Although Wikipedia has questionable sources, I decided to use it cautiously. I searched for “Chinese astrology” and yielded one relevant result. Although I can not completely verify the information, from my knowledge of Chinese astrology, everything seemed to be correct. In the“Chinese astrology[24] article, there were few cited sources, but I recognize two from previous searches. The article is very simple and general, but provides links to provide more in-depth articles of a particular topic. There are “See also” links to other articles, which I will count as CV. I click on the main article, which is “CHINESE ZODIAC[25].” Again, although I can not verify the sources, this article seems highly relevant. There is a “see also” link to an “EARTHLY BRANCHES[26]” article. Although this article is applicable, I think it is geared for astrological scholars. It is esoteric and slightly off-topic for the purposes of this search. Although there are links for each of the twelve zodiac signs, I choose “PIG[27]” and “TIGER[28].” Both are highly relevant, although the “PIG” article seems to have slightly more information than the “TIGER” article. Perhaps more users contributed to the “PIG” article. There are many more relevant articles linked to the original “Chinese astrology” article that I did not explore.

WEB

GOOGLE

Seeing the Google search engine on the Bibliography Plans of past students, I decided to document my Google search. I first started with NL “Chinese astrology” which yielded more than a million results. The first five pages seemed to be highly relevant websites providing free Chinese horoscopes or articles on the subject. For example, I found the I-Village Chinese Astrology webpage[29] using Google, which I used for one of my annotated entries. Also in the top results were the Wikipedia pages I looked at earlier. However, some websites that offer the free horoscopes also offer a more in-depth horoscope for a price. Also, not all the websites seem “reputable.” The “searches related to” listed such topics as “Chinese astrology compatibility,” “Chinese astrology love,” “Chinese astrology years” and “Chinese astrology 2009.” I wasn’t sure if these “searches related to” would be considered NL or CV, but I decided to use NL as they were the NL of past Google users. I clicked on the link for “Chinese astrology compatibility” which yielded more than 200,000 results. Many of the websites listed looked applicable for the general audience of this project. Again, some websites may ask for a fee for more in-depth horoscopes. “Chinese astrology love” yielded almost 900,000 results, and were similar to the websites listed in the “Chinese astrology compatibility” search. I also tried a search with the terms “Chinese zodiac” which yielded more than 10 million results. Amongst the first pages of results for this search, although many were the same Wikipedia articles and websites from previous searches, there were also a lot of websites using astrology as a marketing tool. I also tried “Chinese horoscope.’ The first results of the over million listed were good, free horoscopes, including horoscopes for 2009. However, like the other searches, you have to navigate your way through the websites and dodge the not-so-reputable sites and the websites using the free horoscopes as a marketing ploy.

SAMPLE ANNOTATED ENTRIES

MUST-READS

White, Suzanne. The new Chinese astrology. New York : St. Martin's Press, 1993.
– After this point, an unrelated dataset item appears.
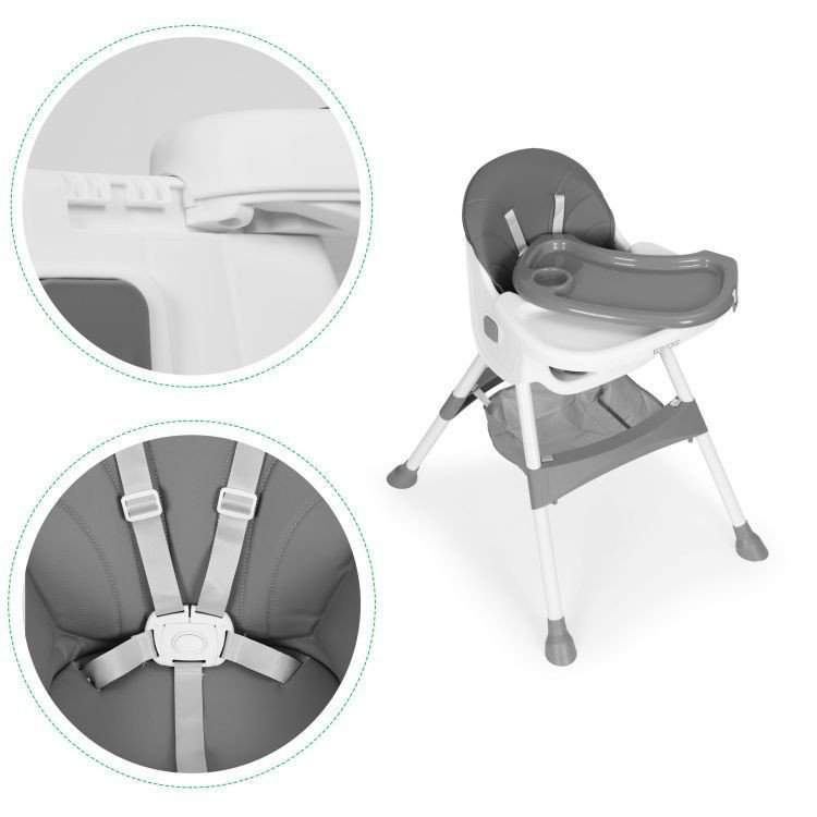 Scaunul înalt este alegerea perfectă pentru toți părinții și copilul lor - începând de la 6 luni. Acesta ușurează orele de masă, permițând copilului să stea la o masă cu adulții, ajutându-l pe copil să observe, să imite și să învețe comportamentul corect. Cu designul său modern și funcțiile sale multiple, scaunul își îndeplinește rolul perfect, asigurând o poziție sigură și confortabilă. Datorită tăvii sale largi, micuțul dvs. poate nu numai să mănânce, ci și să se joace, să construiască blocuri sau să deseneze, și va ajunge rapid să își iubească noua piesă specială de mobilier.

Highly recommended for the general reader all the way to professional astrologists. Combines Western and Chinese horoscopes for a chillingly accurate, easy to read horoscope.

Somerville, Neil. Your Chinese Horoscope 2009: What the year of the ox holds in store for you. Harper Collins, 2009.

Recommended for the general reader. Gives annual horoscope and predictions for each sign for the year. Predictions may be vague, but the best book for annual horoscopes.

IF YOU HAVE TIME…

Zhang, Fang. Animal symbolism of the Chinese zodiac.  Beijing : Foreign Languages Press, 1999. [BF1714.C5 Z53 1999]

Provides background of Chinese astrology in a story format. Signs of the Chinese zodiac are designated by animals. Tells the story of the Great Race of the twelve animals to the Buddha. Explains the relationship between the animals, their characteristics and their influence on peoples' fates. Recommended for the general reader and astrology lovers.

Lau, Theodora. The handbook of Chinese horoscopes. 3rd. ed. New York : Perennial Library, 1995. [BF1714.C5 L38 1995]

Describes the elements, seasons and ascendant signs that rule your horoscope. Provides a combination horoscope of Western and Chinese astrology. Also gives marriage compatibility horoscopes. For the general reader.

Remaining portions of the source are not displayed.